DISTRIBUTION OF SOIL MOISTURE DYNAMICS IN A SMALL MOUNTAIN CATCHMENT

Soil moisture in semi-arid regions dominated by winter precipitation is recharged as a bulk influx during spring melt and dries down quickly during the ensuing months. This timing in combination with various spatially distributed landscape properties produces distinct spatial soil moisture patterns. The patterns must be recognized in a distributed manner to account for hydrologic processes of storage and redistribution. This research investigates the spatial correlation among distributed point measurements of soil moisture, and between soil moisture patterns and landscape properties such as topography, vegetation, and the spatial snowmelt patterns. We use temoral stability anaylisis to show preferred moisture regimes.
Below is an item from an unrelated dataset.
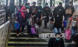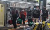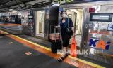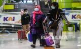 REPUBLIKA.CO.ID, JAKARTA -- Penumpang kereta Argo Lawu berjalan saat tiba di Stasiun Gambir, Jakarta, Senin (17/5/2021). Berdasarkan data PT KAI pada hari Senin (17/5) sebanyak 2.100 penumpang kereta api jarak jauh (KAJJ) akan tiba di Jakarta, di mana jumlah tersebut akan terbagi dua stasiun yaitu Stasiun Pasar Senen sekitar 1200 penumpang dan Stasiun Gambir 900 penumpang. ANTARA FOTO/Muhammad Adimaja/wsj.A
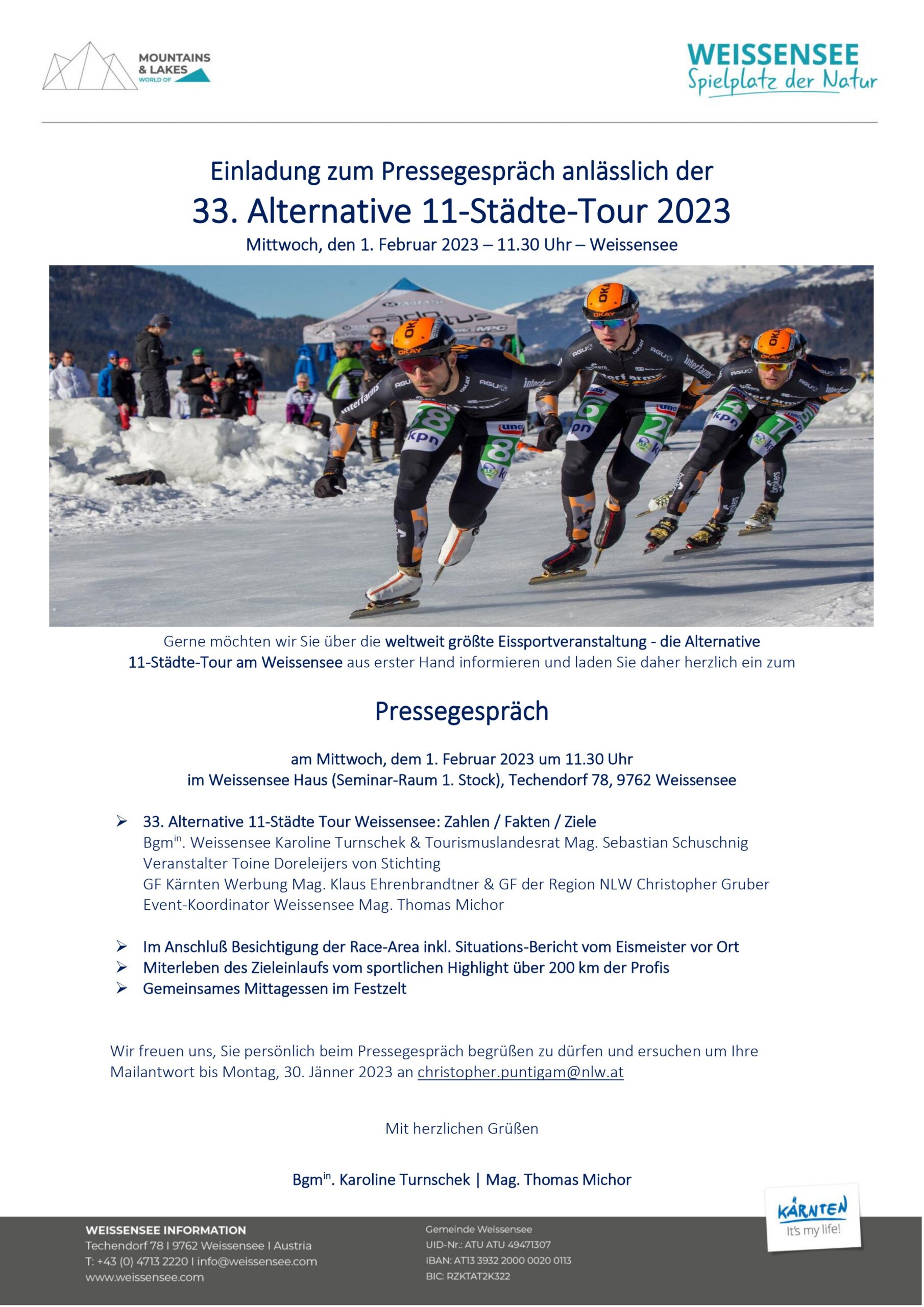 Gerne möchten wir Sie über die weltweit größte Eissportveranstaltung – die Alternative 11-Städte-Tour am Weissensee aus erster Hand informieren und laden Sie daher herzlich ein zum Pressegespräch am Mittwoch, dem 1. Februar 2023 um 11.30 Uhr im Weissensee Haus (Seminar-Raum 1. Stock), Techendorf 78, 9762 Weissensee

Finally, we evaluate data using a combined snowmelt-soil water model to provide spatially and temporally continuous estimates of net recharge and evapotranspiration across the watershed. Recharge estimates are compared with measured streamflow measured at a weir at the base of the watershed. Reynolds Mountain East (RME) subcatchment in Southwestern Idaho is in an intermountain region exhibiting high variability in topography, vegetation, and snow distribution. RME encompasses an area of 0.6 km² with 19 neutron probe access tubes distributed throughout the catchment. Two years of soil moisture data were collected with supporting climate and snow distribution data. In addition, leaf area index was measured for different vegetation types. The soil water distribution is typically characterized by two regimes: the spring snow melt and summer dry down with a variable degree of recharge prior to snow fall in the during the fall. Distributed patterns of soil moisture have distinct correlation to snow and vegetation distribution.